- Exercise requirements
Read the records below and copy each line that contains "ihtiyacı".

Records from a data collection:
::::::::::

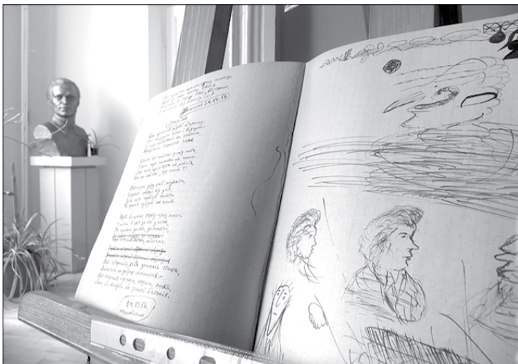
фото Романа КИРІВА

Хоч в українській міфології чоловік-русалка — дуже рідкісне явище. Русалки без причини нікого не лоскочуть. Вони — не «нечисть», і не тільки душі померлих, а й дбають про рясний світ, про врожай. Узгоджують життя людини з силами природи. За повір'ями, бачать
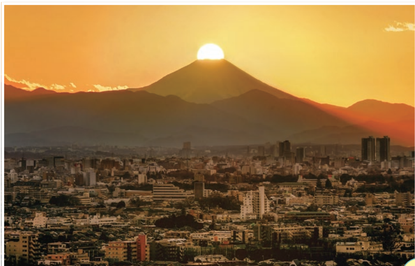
練馬区役所展望ロビーから見えるダイヤモンド富士(豊玉北6-12-1)
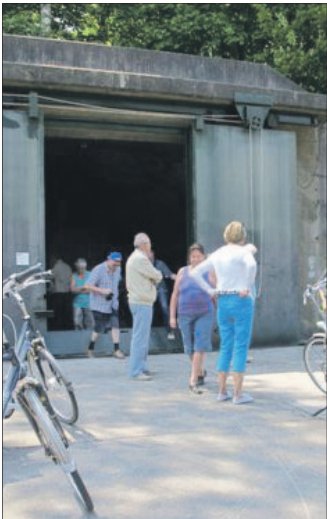
● Op de fiets kennismaken met de rol van de vliegbasis tijdens de Tweede Wereldoorlog en de Koude Oorlog.

Op de fiets langs historische objecten of over militair erfgoed. Het kan zaterdag 20 juli op de voormalige vliegbasis. Het Utrechts Landschap heeft twee fietsexcursies georganiseerd. Om 12:00 uur gaat een rit van start langs historische objecten en kunstinstallaties waarvan de makers zich lieten inspireren door de Koude Oorlog. Ze hebben ook een relatie tot het gebruik van de vliegbasis. Wie wil meefietsen kan zich tussen 11:30 en 12:00 uur melden bij de ingang aan de Batenburgweg in Soesterberg. Daarna gaat het toegang dicht. Om 13:30 uur is er zaterdag nog een excursie. Die wordt voorafgegaan door een inleiding in het informatiecentrum van Hart van de Heuvelrug. Daarna fietsen de deelnemers over de start- en landingsbaan en langs onder meer shelters, bunkers, het voormalige munitiepark en een kerosineopslagplaats. Het Utrechts Landschap laat de fietsers zo kennismaken met de rol van de basis tijdens de Tweede Wereldoorlog en de Koude Oorlog. Wie deze fietsexcursie wil meemaken, kan zich tussen 13:00 en 13:30 uur melden bij het toegangshek aan de Batenburgweg. Beide excursies nemen ongeveer twee uur in beslag. De organisatie verzoekt belangstellenden zich aan te melden via de website www.utrechtslandschap.nl/reserveren
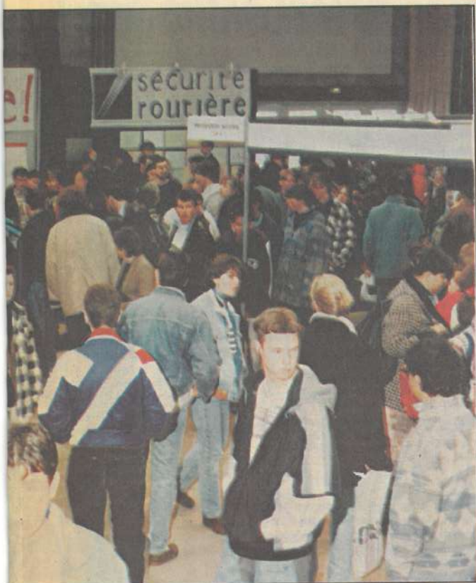
L'an dernier, environ 30000 personnes étaient venues au premier Salon régional de la jeunesse.
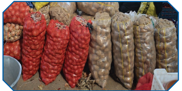
Görsel 26: İnsanların ihtiyacı olan ürünleri daha çok kazanma hırsıyla stoklamak karaborsacılıktır.

Karaborsa sözlükte; kısığa sebep olmak, tedavülden çekmek, istiflemek, tekeline almak anlamına gelir. Terim olarak insanların ihtiyacı olan ticaret mallarını toplayıp stoklayarak pahalılaşmasını beklemek ve bu gayeyle piyasaya sürülmesini geciktirmektir. Karaborsacılıkta amaç, piyasada meydana gelen darlık ve fiyat yükselmesi neticesinde stoklanan malı piyasaya sürmek ve yüksek kâr elde etmektir. Karaborsacılığa İslami kaynaklarda ihlikâr denir. 58
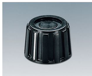
A1319260 BOUTON, à fixation latérale par vis PF noir RAL 9005 18,9x13,5mm 6mm
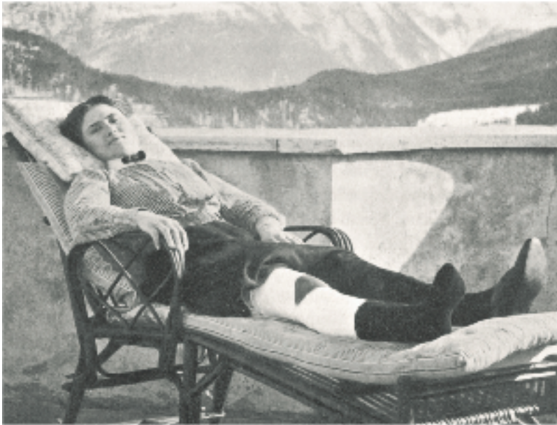
Die anfängliche Methode: Lokale Besonnung durch einen gefensterter Gipsverband.

::::::::::

- Reply to the task
Görsel 26: İnsanların ihtiyacı olan ürünleri daha çok kazanma hırsıyla stoklamak karaborsacılıktır.
Karaborsa sözlükte; kısığa sebep olmak, tedavülden çekmek, istiflemek, tekeline almak anlamına gelir. Terim olarak insanların ihtiyacı olan ticaret mallarını toplayıp stoklayarak pahalılaşmasını beklemek ve bu gayeyle piyasaya sürülmesini geciktirmektir. Karaborsacılıkta amaç, piyasada meydana gelen darlık ve fiyat yükselmesi neticesinde stoklanan malı piyasaya sürmek ve yüksek kâr elde etmektir. Karaborsacılığa İslami kaynaklarda ihlikâr denir. 58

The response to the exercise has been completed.